> _Action item_
The records are to be copied from the line that contains "Cette bougie parfumée" through their last line, word for word, with every picture left out.
+++ Records for processing +++
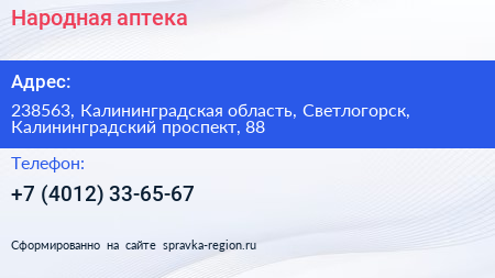 Народная, аптека по адресу 238563, Калининградская область, Светлогорск, Калининградский проспект, 88 в дальнейшем Организация, размещена в следующих категориях:
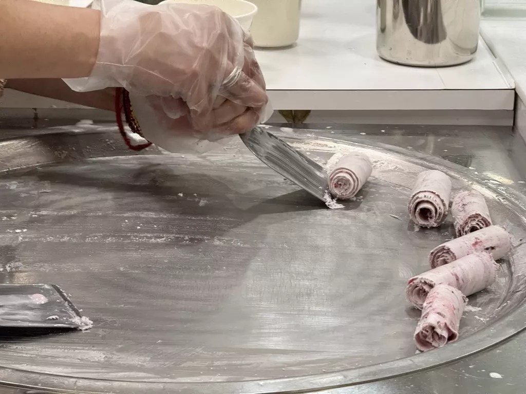 The show is watching the ice cream being made – a far more involved process than simply scooping frozen dairy into a cup. Rolled ice cream is very much a hands-on affair. Actually, make that two hands.
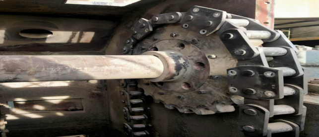 1909斗提機尾輪、板鏈、料斗及機頭,進行拆除更換。已完成機頭更換。
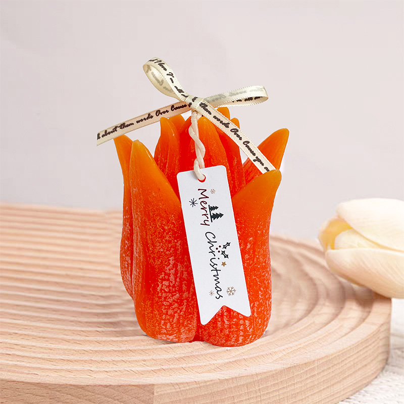Cette bougie parfumée s'inspire de la forme élégante des fleurs de tulipe, intégrant la beauté de la nature dans un produit parfumé. Fabriqué avec de la cire de soja naturelle et une mèche en coton, c'est un excellent article de gros qui allie valeur ornementale et praticité. La bougie a un poids net de 265 grammes, avec une forme réaliste —environ 8 cm de diamètre et 11 cm de hauteur. Il reproduit parfaitement la forme gracieuse d'une tulipe en bouton, servant de décoration artistique exquise même lorsqu'elle n'est pas éclairée.
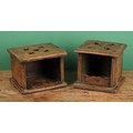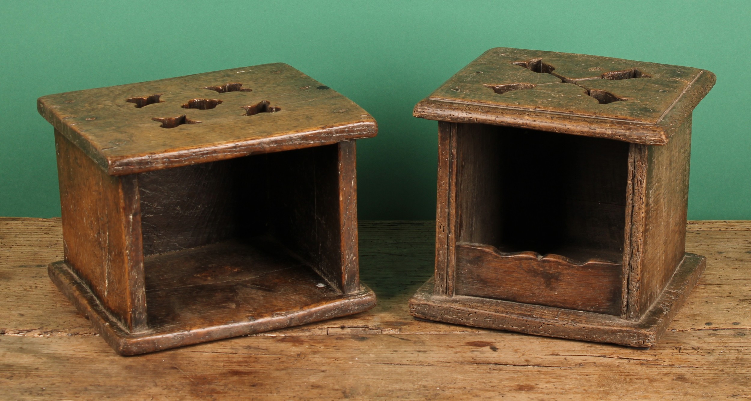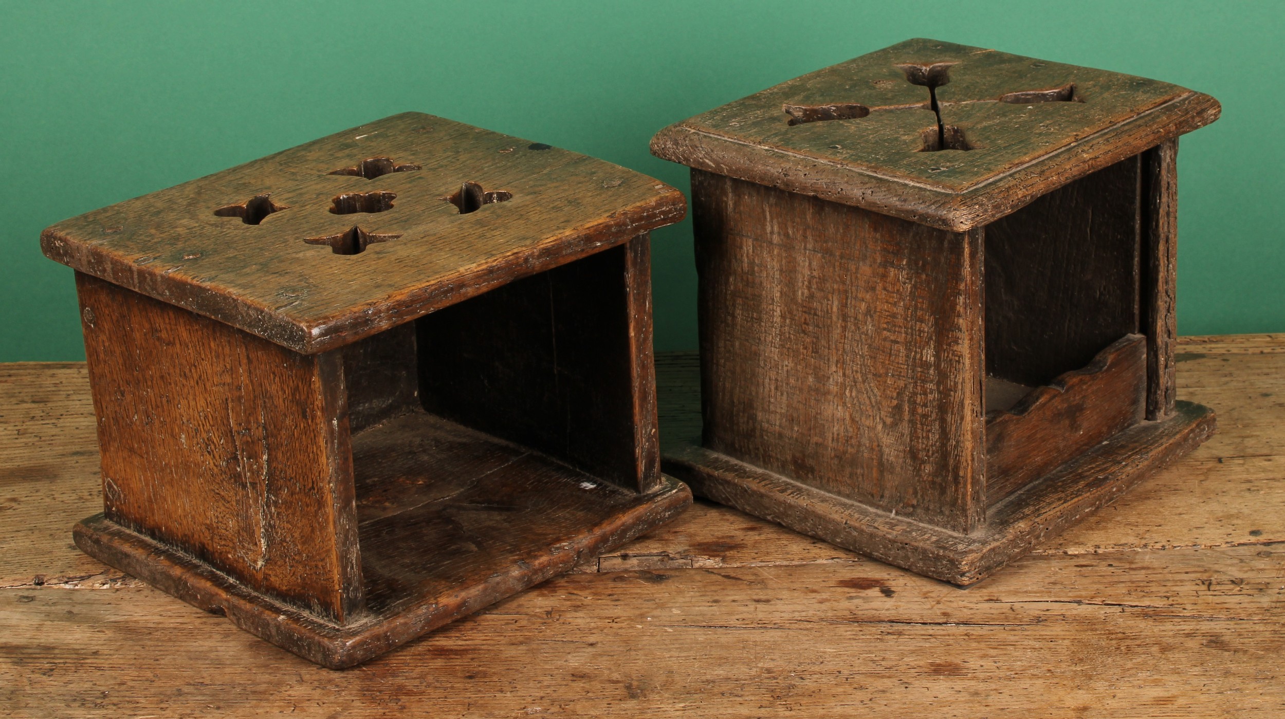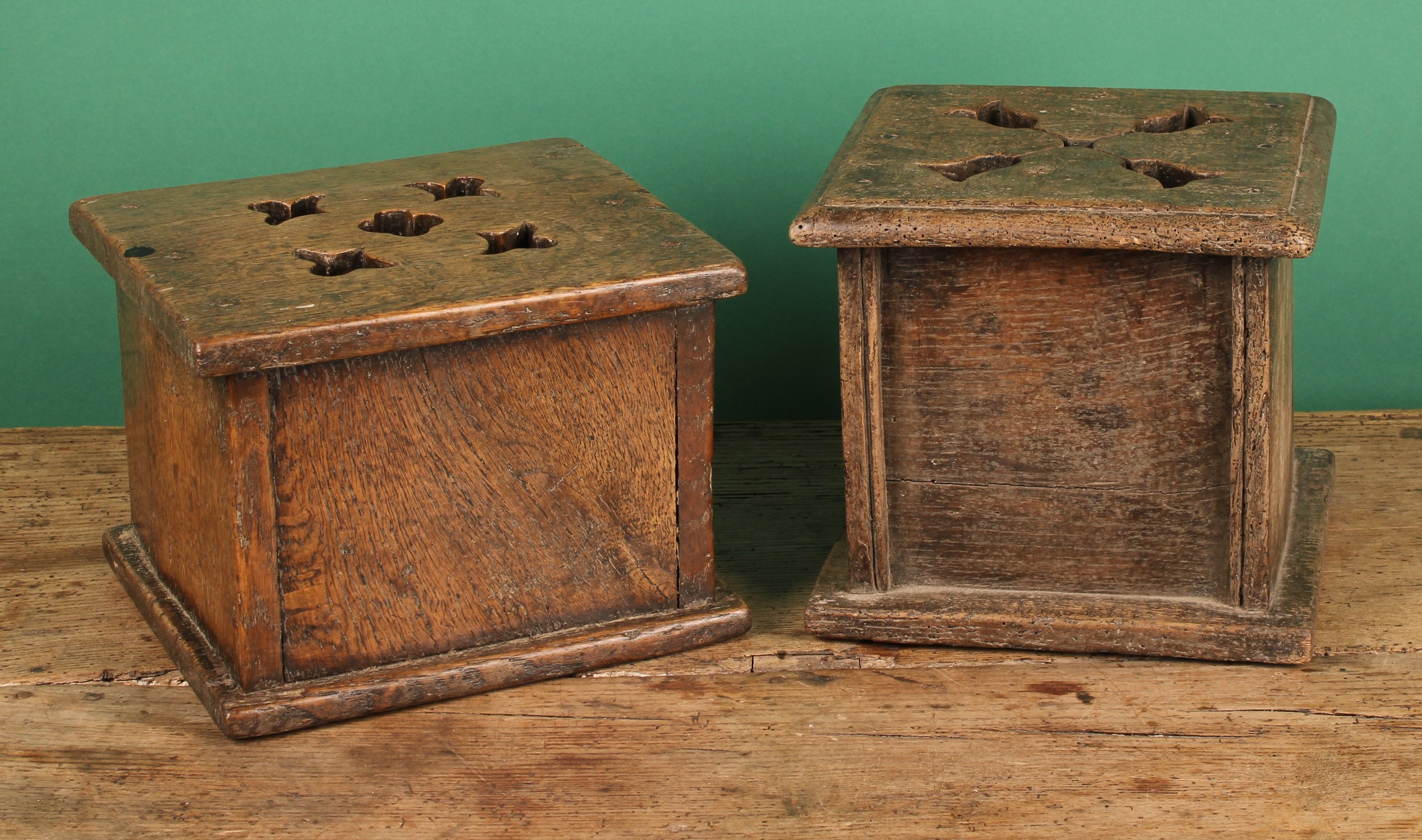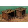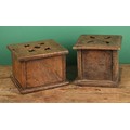 A 19th century Dutch oak carriage foot warmer, the oversailing top pierced with tulips, 23cm high, 26cm wide, 23cm deep; another (2)
+++
> _Expected output_
Cette bougie parfumée s'inspire de la forme élégante des fleurs de tulipe, intégrant la beauté de la nature dans un produit parfumé. Fabriqué avec de la cire de soja naturelle et une mèche en coton, c'est un excellent article de gros qui allie valeur ornementale et praticité. La bougie a un poids net de 265 grammes, avec une forme réaliste —environ 8 cm de diamètre et 11 cm de hauteur. Il reproduit parfaitement la forme gracieuse d'une tulipe en bouton, servant de décoration artistique exquise même lorsqu'elle n'est pas éclairée.
 A 19th century Dutch oak carriage foot warmer, the oversailing top pierced with tulips, 23cm high, 26cm wide, 23cm deep; another (2)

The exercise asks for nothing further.